What the exercise asks
Word for word, give the records again, dropping any picture they hold.

[Excerpts from a dataset]
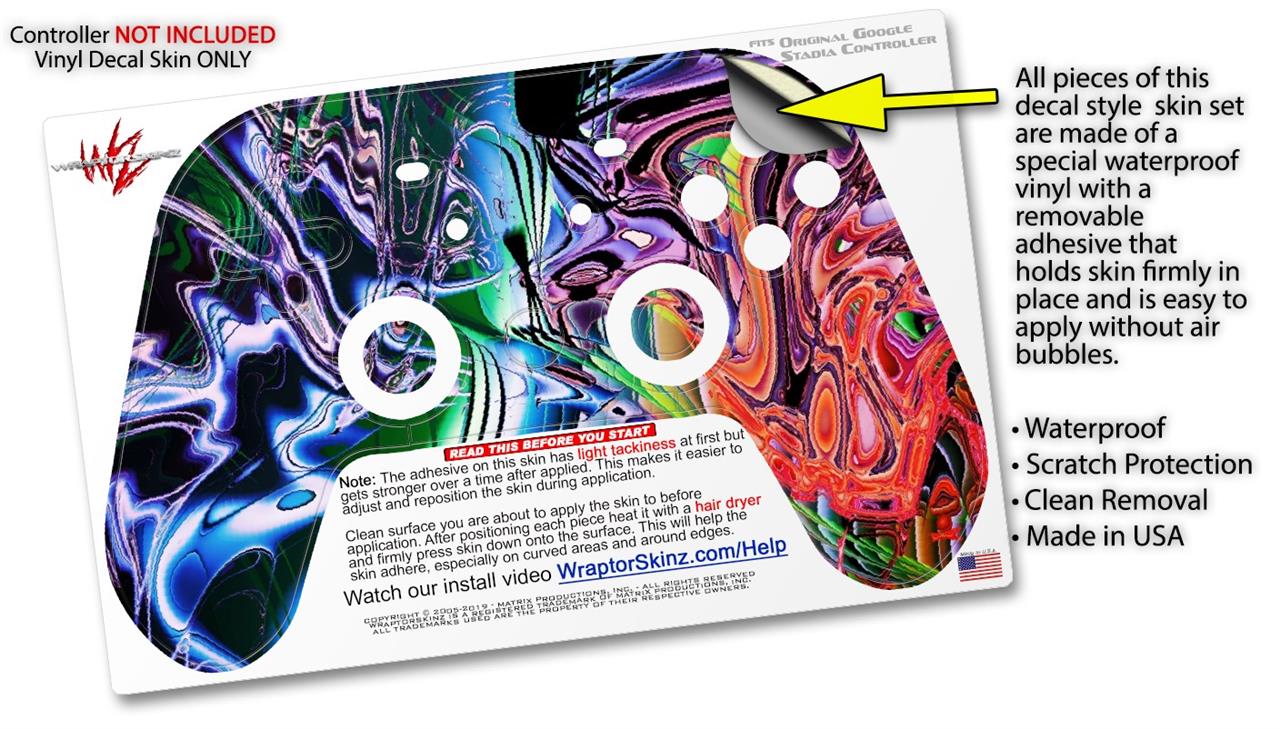 This product is in no way affiliated with or endorsed by Google. WraptorSkinz® skin wraps work with the Original Google Stadia version 1 Controller. Printed using superb photo quality designs and vibrant colors printed with special fade resistant inks that last even in direct sun for years. WraptorSkinz are a composite of two layers of commercial grade materials. The bottom layer is a soft, flexible vinyl with a special removable adhesive that is easily positioned, applied without air bubbles. Next, we print the bottom layer with UV protected, fade resistant inks that deliver superb photo quality designs in vibrant colors. Finally, we bond a professional grade laminate over the entire skin adding a glossy protective finish.
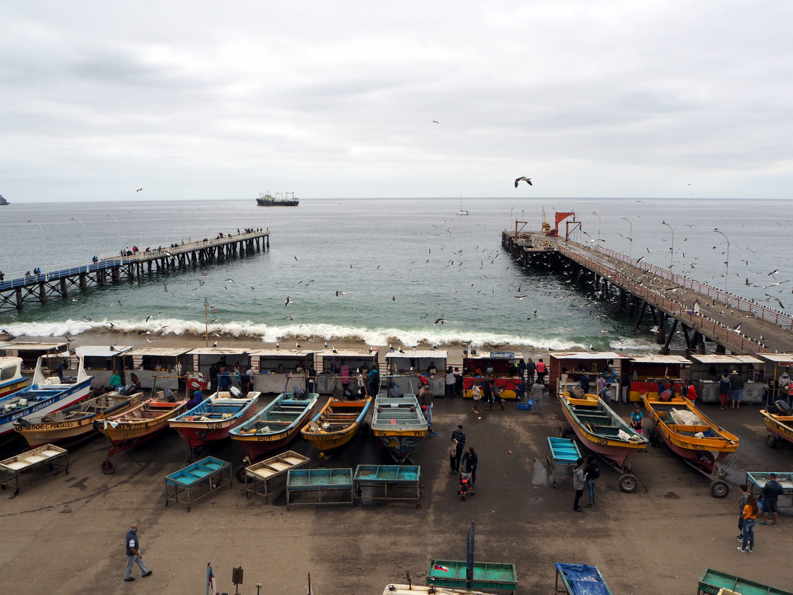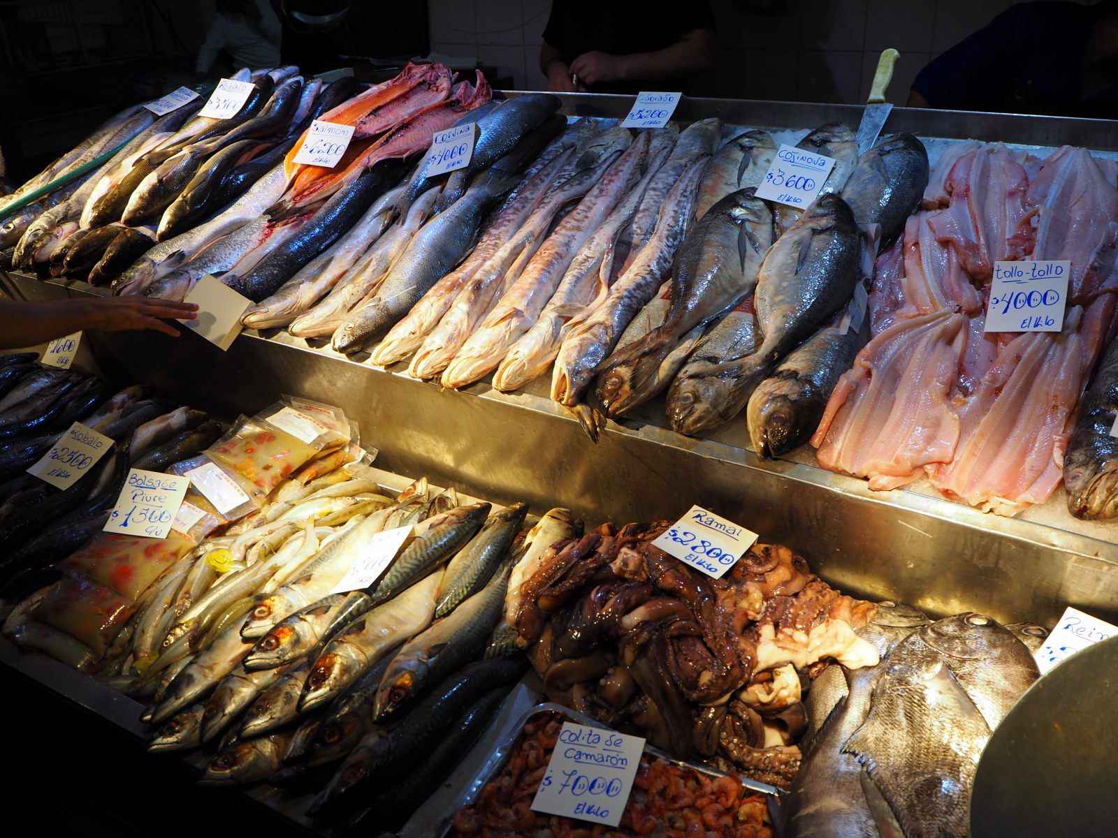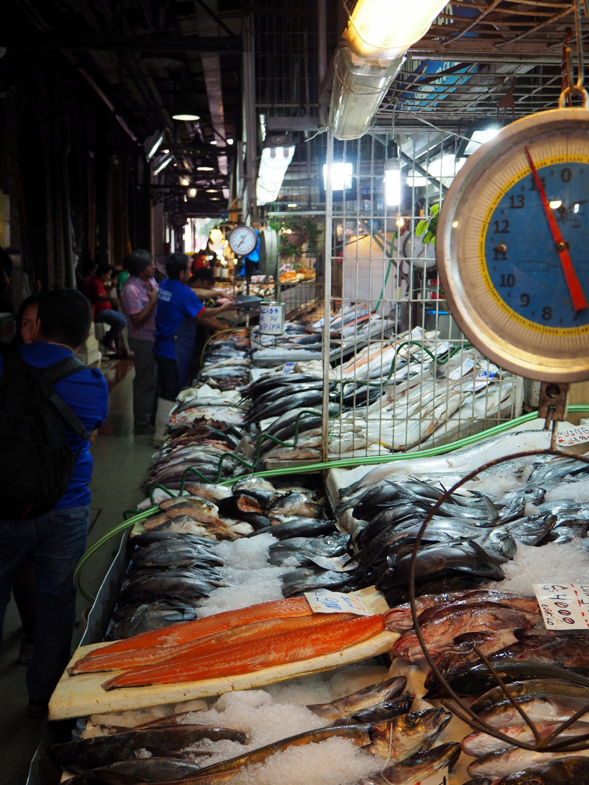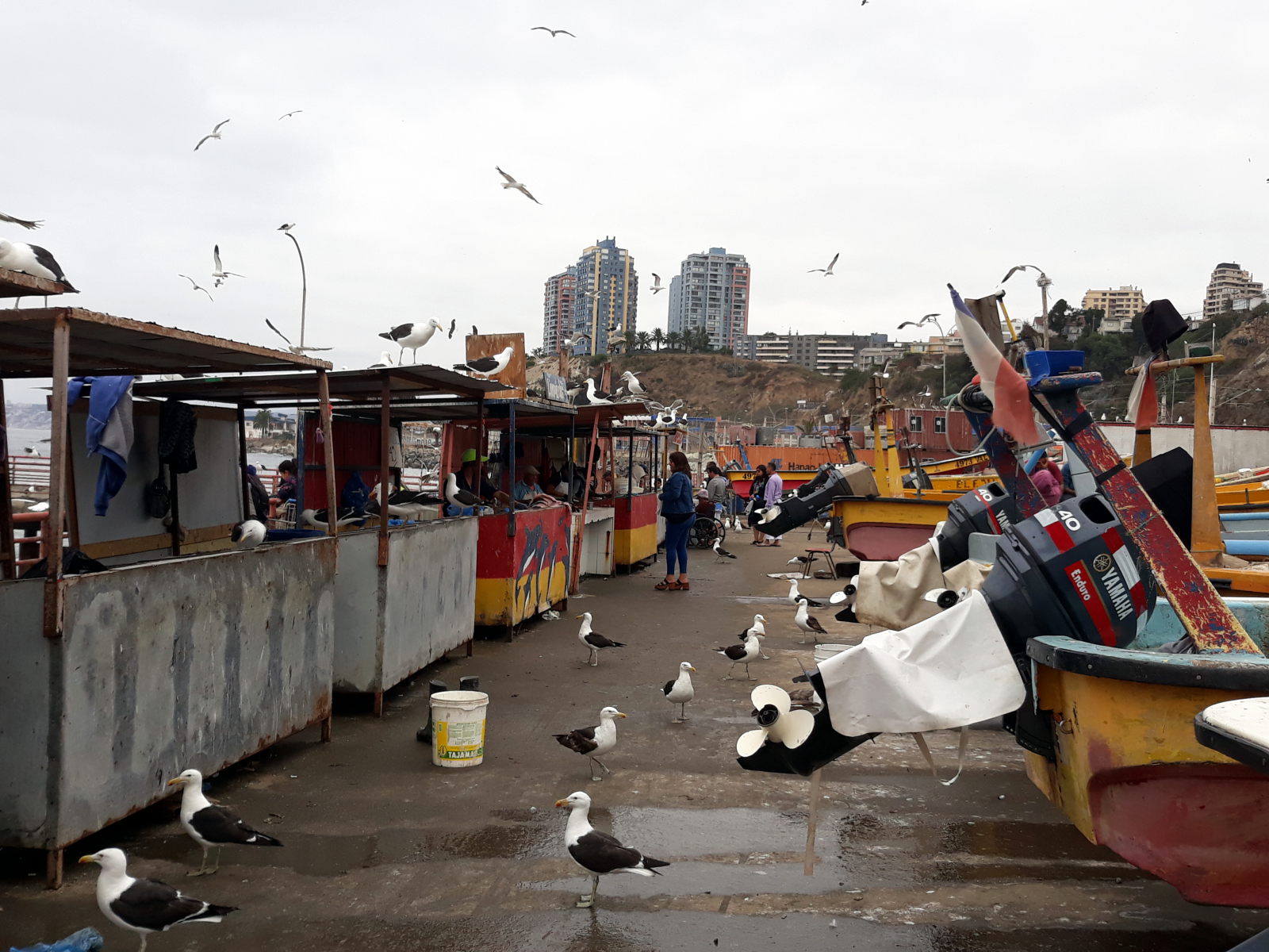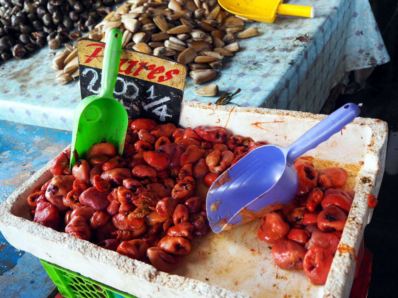 A la criée de Valparaiso, divers coquillages et fruits de mer en vente
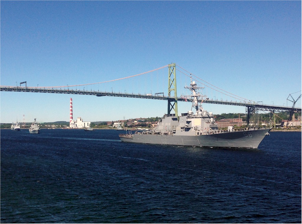 | 204k | 160912-N-RI307-020. Halifax, Nova Scotia, September 12 2016, guided missile destroyer USS Gonzalez (DDG 66) passes beneath the McDonald Bridge during a passing exercise to begin the at-sea phase of Exercise Cutlass Fury 2016. Hosted by Maritime Forces Atlantic and executed by Canadian Fleet Atlantic, Cutlass Fury16 is a combined, joint, maritime exercise designed to promote and enhance regional cooperation of Maritime partners with an interest in Atlantic Security off the east coast of North America. U.S. Navy Photo by Lt. Cmdr. Candice Tresch. | Ron Reeves |
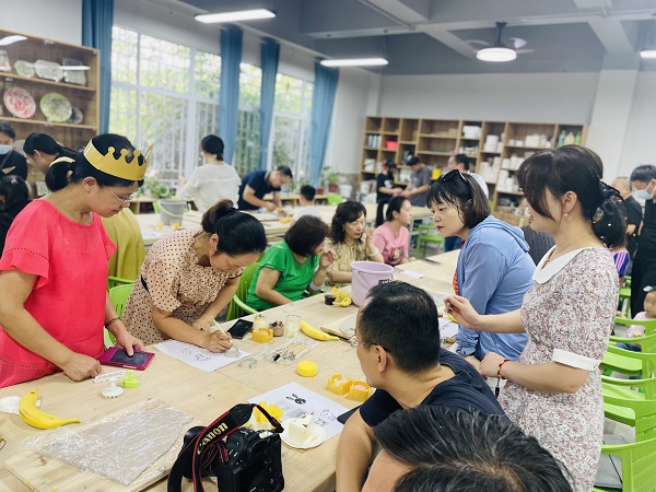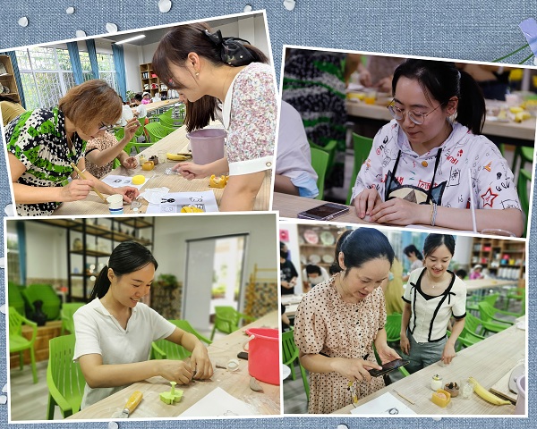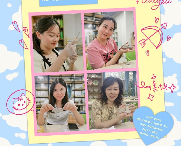生日仪式过后,大家落座边享受美食边准备开始陶艺冰箱贴制作。艺术学院王琳老师给大家准备了丰富的模型和材料,王老师介绍完制作方法之后大家就开始跃跃欲试,每个人制作陶艺时专注认真,发挥自己的想象力和创作,有的做蝴蝶、有的做玉兔、有的做树叶、云朵……每一块都是独一无二的作品。大家时而交流作品时而埋头创作,玩的不亦乐乎。
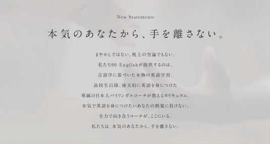 90 Englishは、短期集中や詰め込み型の学習だけではなく、無理なく続けられる「持続可能な英語学習」を追求した英語コーチングスクールです。採用率約3%の日本人バイリンガルコーチがあなたの隣で伴走し、徹底的に継続できる環境を提供します。
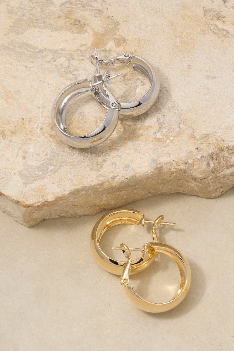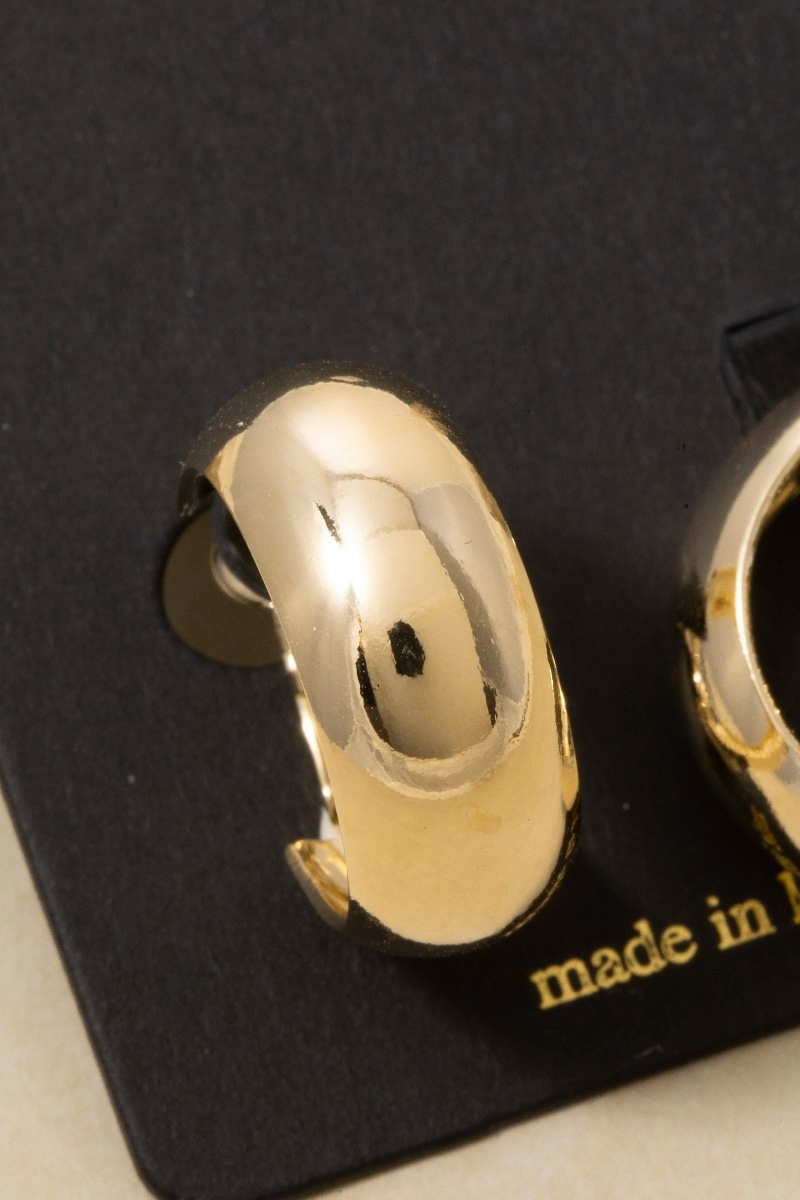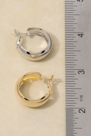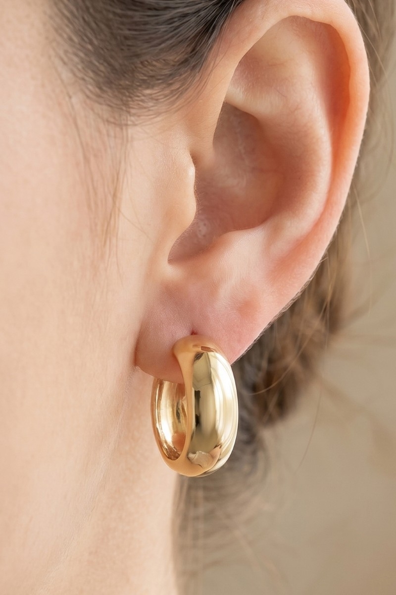 - This pair of hoop earrings introduces a stunning chunky wide dome huggie style. Revel in the intricate design that effortlessly distinguishes this pair of hoop earrings, making it a statement piece.

Exercise answer
 This product is in no way affiliated with or endorsed by Google. WraptorSkinz® skin wraps work with the Original Google Stadia version 1 Controller. Printed using superb photo quality designs and vibrant colors printed with special fade resistant inks that last even in direct sun for years. WraptorSkinz are a composite of two layers of commercial grade materials. The bottom layer is a soft, flexible vinyl with a special removable adhesive that is easily positioned, applied without air bubbles. Next, we print the bottom layer with UV protected, fade resistant inks that deliver superb photo quality designs in vibrant colors. Finally, we bond a professional grade laminate over the entire skin adding a glossy protective finish.
 A la criée de Valparaiso, divers coquillages et fruits de mer en vente
 | 204k | 160912-N-RI307-020. Halifax, Nova Scotia, September 12 2016, guided missile destroyer USS Gonzalez (DDG 66) passes beneath the McDonald Bridge during a passing exercise to begin the at-sea phase of Exercise Cutlass Fury 2016. Hosted by Maritime Forces Atlantic and executed by Canadian Fleet Atlantic, Cutlass Fury16 is a combined, joint, maritime exercise designed to promote and enhance regional cooperation of Maritime partners with an interest in Atlantic Security off the east coast of North America. U.S. Navy Photo by Lt. Cmdr. Candice Tresch. | Ron Reeves |
生日仪式过后,大家落座边享受美食边准备开始陶艺冰箱贴制作。艺术学院王琳老师给大家准备了丰富的模型和材料,王老师介绍完制作方法之后大家就开始跃跃欲试,每个人制作陶艺时专注认真,发挥自己的想象力和创作,有的做蝴蝶、有的做玉兔、有的做树叶、云朵……每一块都是独一无二的作品。大家时而交流作品时而埋头创作,玩的不亦乐乎。
 90 Englishは、短期集中や詰め込み型の学習だけではなく、無理なく続けられる「持続可能な英語学習」を追求した英語コーチングスクールです。採用率約3%の日本人バイリンガルコーチがあなたの隣で伴走し、徹底的に継続できる環境を提供します。
 - This pair of hoop earrings introduces a stunning chunky wide dome huggie style. Revel in the intricate design that effortlessly distinguishes this pair of hoop earrings, making it a statement piece.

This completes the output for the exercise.